Waarom bent u eigenlijk ooit strips gaan maken?

„Omdat ik zo'n groot filmfan ben. Strip geeft je net als bij film de mogelijkheid om een eigen universum te creëren. Ik bewonder regisseurs als Federico Fellini en David Lynch. Elke film van hen is heel herkenbaar. Sommige stripauteurs beheersen die kunst ook: Charles Burns, Daniel Clowes en Mattotti bijvoorbeeld. Zij slepen je mee in een heel eigen wereld, elk album weer. Dat is wat ik van het begin af aan ook wilde, dat mensen bij het dichtslaan van mijn albums konden zeggen: typisch Loustal." 

Daarin bent u dan geslaagd. Al vanaf het begin van uw carrière leken uw tekeningen op die van niemand anders.

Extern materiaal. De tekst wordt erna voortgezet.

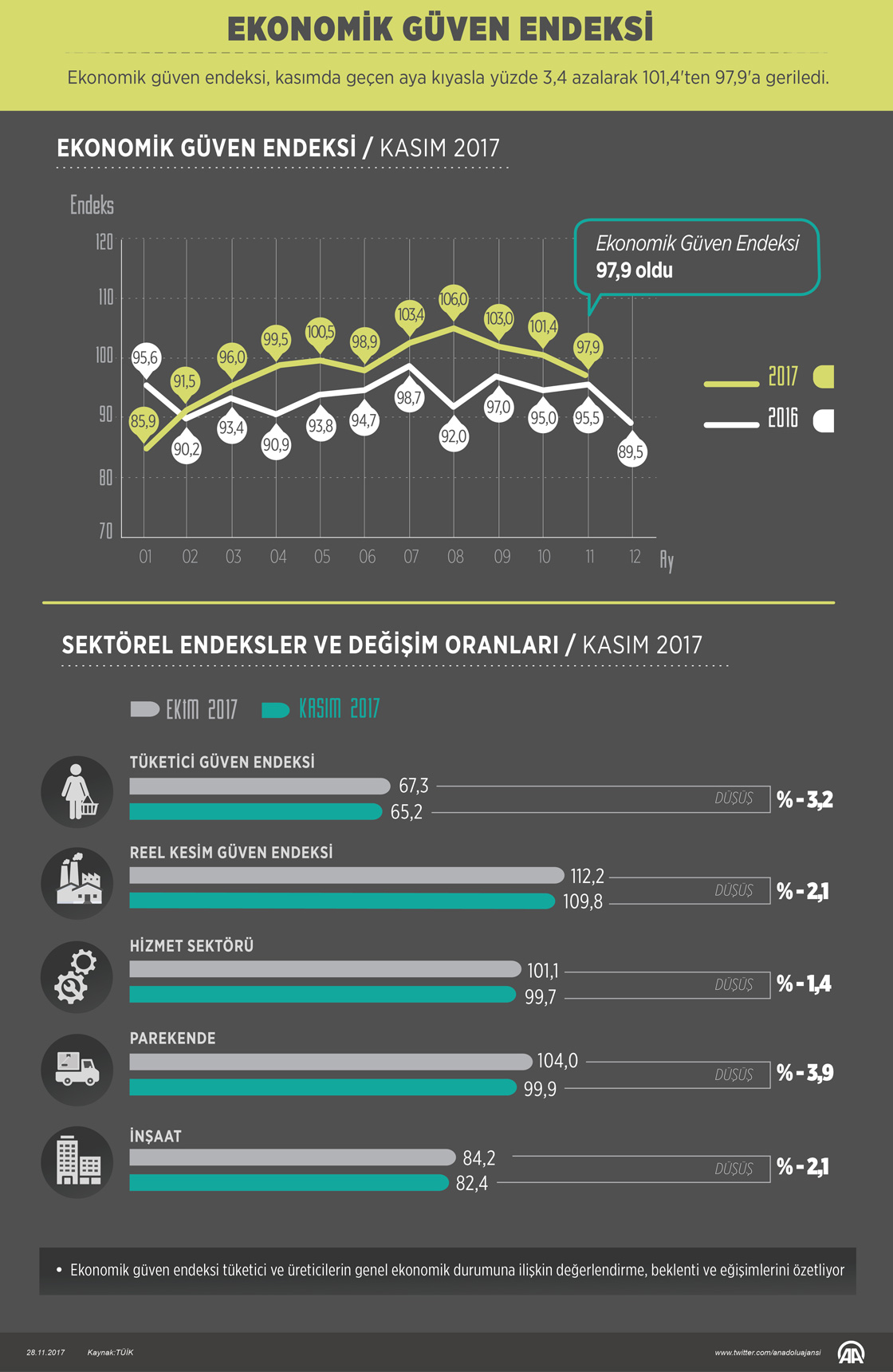 Türkiye İstatistik Kurumu (TÜİK), kasım ayına ilişkin ekonomik güven endeksini açıkladı. Ekonomik güven endeksi, kasımda geçen aya kıyasla yüzde 3,4 azalarak 101,4'ten 97,9'a geriledi. ( Gözde Gültekinler - Anadolu Ajansı )

„Het maakt me blij als mensen zoiets zeggen. (lacht) Ik streef er naar mijn werk een persoonlijke touch mee te geven. Ik begon eind jaren '7o. Het waren de hoogtijdagen van het tijdschrift Métal Hurlant. Het was de tijd dat de klare lijn enorm in de mode kwam: Floc'h, Chaland, Torres. Zij deelden een grafische code: geënt op Hergé, maar dan moderner.

Hun werk deed me altijd denken aan de muziek van een goede rockband, die in wezen niet meer is dan een moderne variant op de Rolling Stones. Daar is helemaal niets mis mee, integendeel. Maar ik wilde dat niet. Ik wilde iets nieuws, een heel persoonlijke stijl. Daarmee maakte ik het voor mezelf verdomd lastig om een plek te bevechten bij het publiek. Mijn werk refereerde immers nergens aan." 

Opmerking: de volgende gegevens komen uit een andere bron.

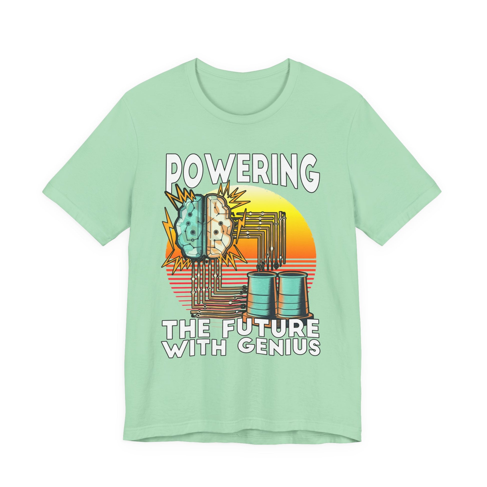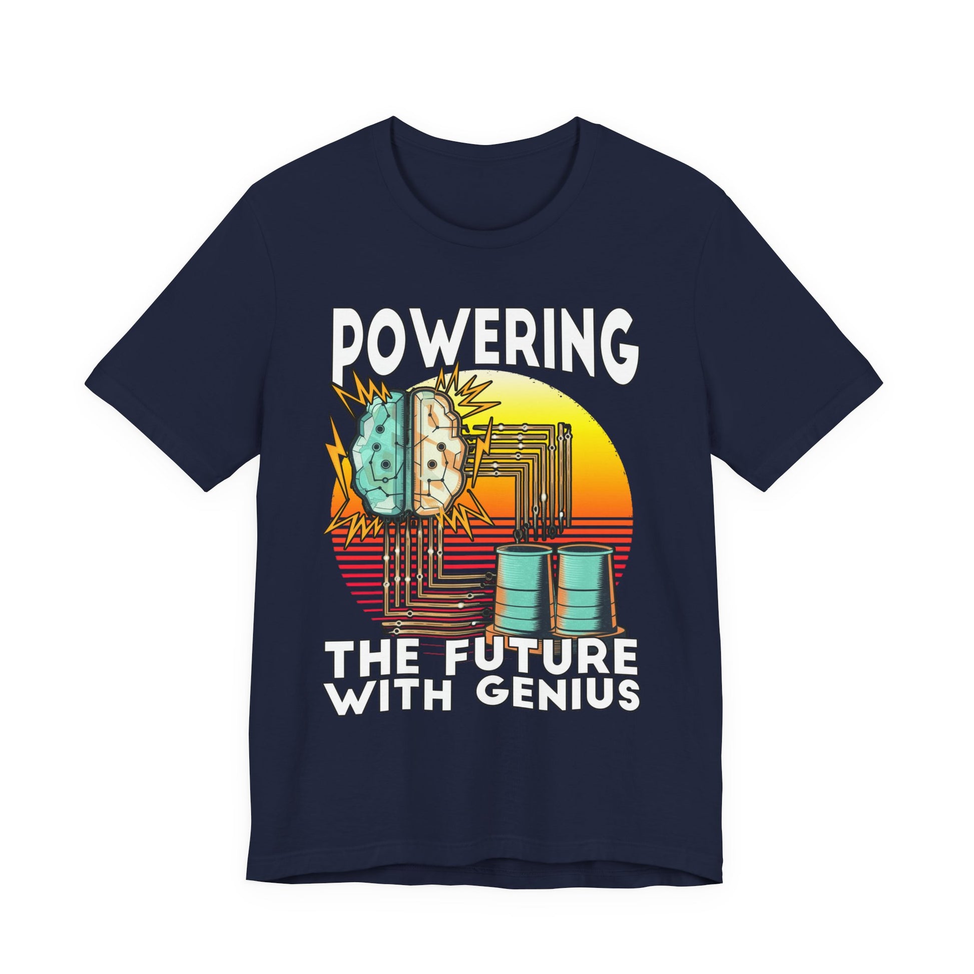 Powering the Future with Genius Tshirt – AI Brain and Tesla Turbines Graphic

Wat waren uw inspiratiebronnen dan?

„Films natuurlijk, maar ook schilders als Henri Matisse en Paul Gauguin. Dat laatste klinkt misschien wel logisch als je mijn werk ziet. Maar Robert Crumb was voor mij bijvoorbeeld ook een inspirator. Ik absorbeer alles. Ik ben enorm visueel ingesteld. Alles wat ik zie, vermaal ik in mijn hersens en wil ik daarna ordenen op papier. Het werkt als een soort trechter. Aan de bovenkant gaan er allerlei invloeden in - films, Moebius - en aan de onderkant vloeit daar Loustal uit!

Zelf heb ik architectuur gestudeerd. Strips maakte ik in die periode vooral als afleiding. Na mijn diensttijd in Marokko besloot ik echter me volledig op het beeldverhaal te richten. Architectuur is echt te saai. Het was ook wel een goede tijd om zo'n beslissing te nemen. Begin jaren '8o zat er enorm veel groei in de sector. Uitgevers gaven steeds meer strips uit. Er was veel werk. Ik rolde er makkelijk in." 

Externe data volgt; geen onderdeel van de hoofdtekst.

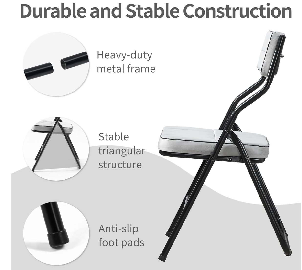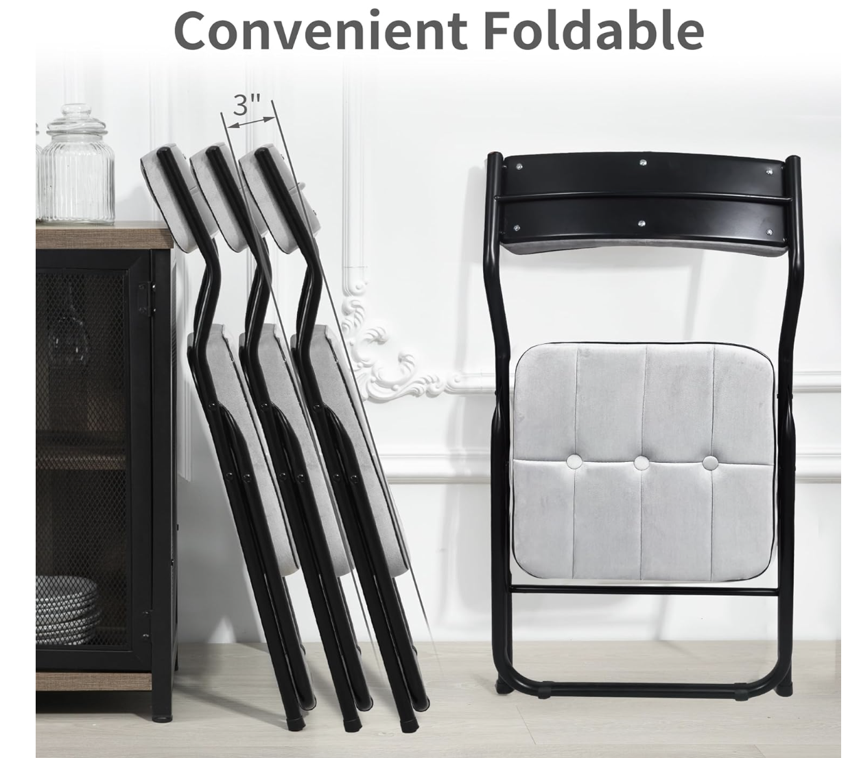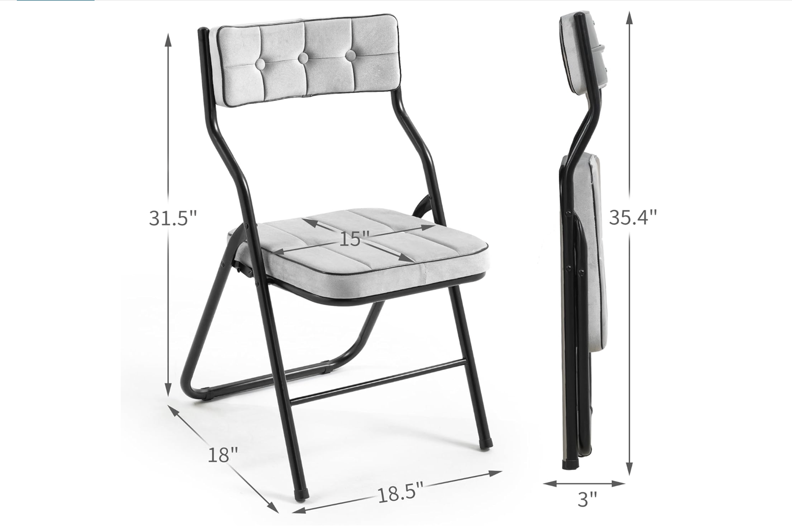 15"D x 15"W x 31.5"H Upholstered Seat and Backrest: The folding chairs with padded cushion and backrest which will relieve pressure on hips and back. For a more comfortable sitting experience. Skin-friendly and breathable velvet fabric More Comfortable Design: Enjoy optimal support with a 110° curved backrest and seat design, ensuring a comfortable experience for reading, resting, or dining. The thoughtful design caters to your back and leg comfort Convenient Foldable Design: Effortlessly transport and store these folding dining chairs with their user-friendly foldable feature. Easy to carry and compact when folded, these chairs are perfect for on-the-go seating needs without compromising style Robust Construction: Padded folding chair built with a sturdy steel frame, these foldable chairs boast a weight capacity of up to 250 lbs. The two-cross support structure enhances stability, making them reliable and durable for various occasions

Zou dat nu moeilijker zijn voor een auteur als u?

„Zeer zeker. Voor mij was het een goede tijd om te beginnen. Nu is dat lastiger. Zeker voor iemand die werk maakt dat afwijkt van de doorsnee strips die lekker `in het oog liggen'. In mijn tijd waren er nog meer mogelijkheden om je werk voor te publiceren in tijdschriften. Er was een betaald podium voor beginnelingen. Dat gaf niet alleen meer vrijheid, maar

je werkte ook minder geïsoleerd. Op de redactie zag je andere auteurs. Je kon overleggen, ideeën delen, elkaar helpen. Het was een gezellige tijd. Nu zit iedereen thuis in zijn werkkamer in zijn eentje te zwoegen."

Waar werkt u nu aan?

„Na Schurkenbloed had ik het weer eventjes gehad met strips. Ik werkte aan twee kinderboeken, een reisverslag en schilderijen. Inmiddels heb ik weer zin in een project voor de langere termijn. Ik wil weer iets vertellen. Ik heb diverse mensen gevraagd een verhaal voor me te verzinnen. Ik heb nu meerdere synopsissen op de plank liggen, waaronder weer een van Paringaux. Ook heb ik veel boeken gelezen om te zien of die te verstrippen zijn, zoals ik destijds met het werk van Coatalem heb gedaan. Al een tijd lang speel ik met het idee iets met de policiers van Georges Simenon te doen. Nu werk ik aan twee stripalbums tegelijk. Het eerste is de verstripping van een verhaal van Dennis Lehane uit zijn verhalenbundel Coronado. Dat is voor de nieuwe reeks Kaliber bij uitgeverij Casterman. Het tweede bestaat uit een aantal korte verhalen van een pagina of drie naar het werk van Tonino Benacquista. Het zijn vrolijke verhalen met een happy end. Dat is iets heel nieuws voor mij. Mijn vrouw is er erg blij mee. Eindelijk eens iets wat niet zo zwaar op de hand is."